Private Spaces: An Exhibition of Small Scale Sculpture
Edited by Melinda Wortz
Published by © 1975 University Art Gallery, UC Irvine
The title of the 1975 University of California, Irvine exhibition Private Spaces "refers to the involvement of the viewer in the spaces of his or her own mind, as well as the artists’ use of personalized imagery in small enclosed spaces." Anthony Berlant, Joseph Cornell, David Furman, Robert Graham, Roland Reiss, and Horace Clifford Westermann, the six artists featured in "Private Spaces," can be seen as rejecting the "heroic tradition of Western sculpture," while simultaneously incorporating aspects of the Surrealist tradition in their pieces.
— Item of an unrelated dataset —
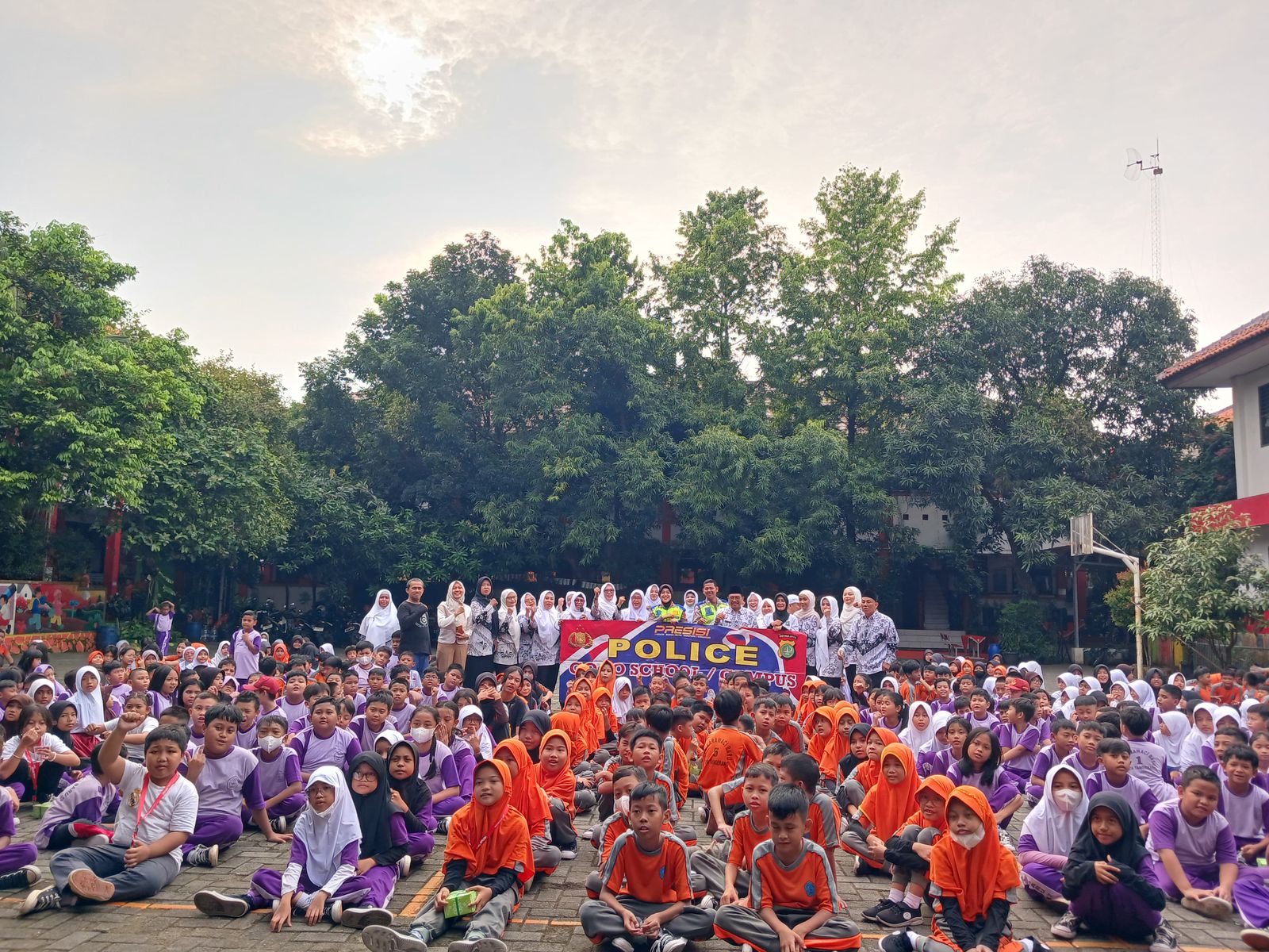 Guna memberikan pengetahuan berlalu lintas ke anak-anak siswa SD, Unit Kamsel Sat Lantas Polres Metro Tangerang Kota melaksanakan giat ‘Police Go to school’.
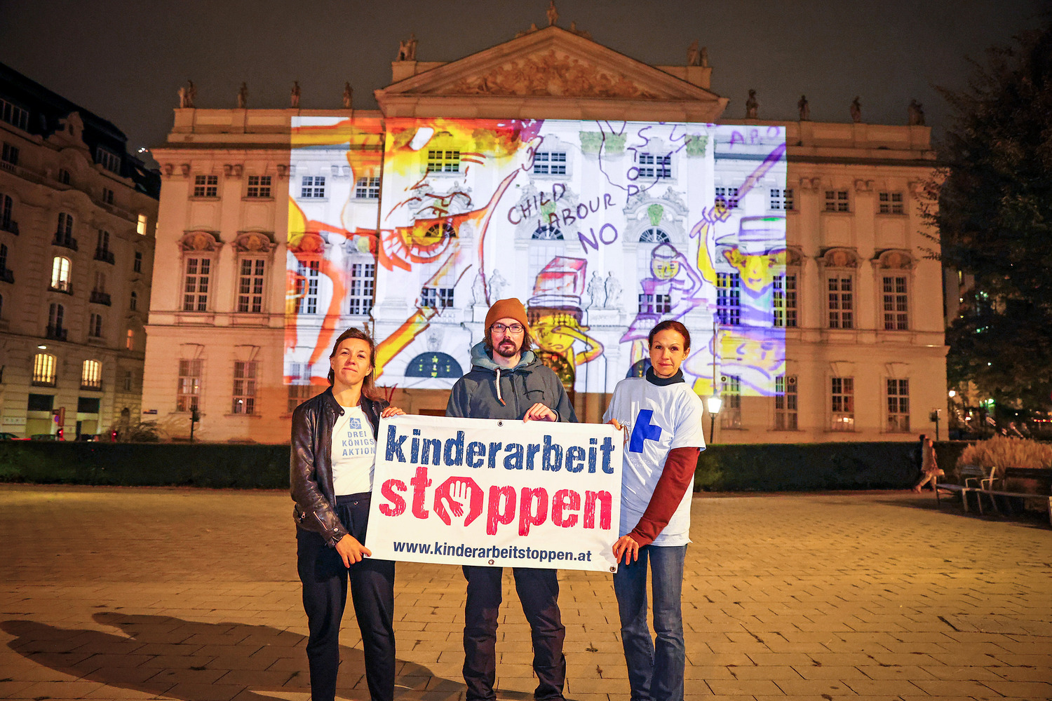Mit der Aktion rückt sie die 160 Millionen Kinder weltweit ins Rampenlicht, die als Folge von Armut regelmäßig arbeiten müssen. Das Justizministerium erstrahlte am Vorabend in bunten Farben eines Videospots mit Zeichnungen gegen Kinderarbeit von Kindern aus Österreich, aber auch Ländern des Globalen Südens wie etwa Ghana.

For example, Anthony Berlant's work can be seen as recalling aspects of Marcel Duchamp's work in his use of readymades and found objects. The artists of the featured work are interested in poetic metaphor and mystery rather than the abstract, intellectual dialogue present in earlier collage / readymade works such as those by artists like Picasso. It can be said that the works in this exhibition speak to the "Jungian, collective symbologies in each of our psyches." It is also possible, given the "unorthodox uses of media and imagery," that they "exemplify provocative extensions of the language and structure of art-making."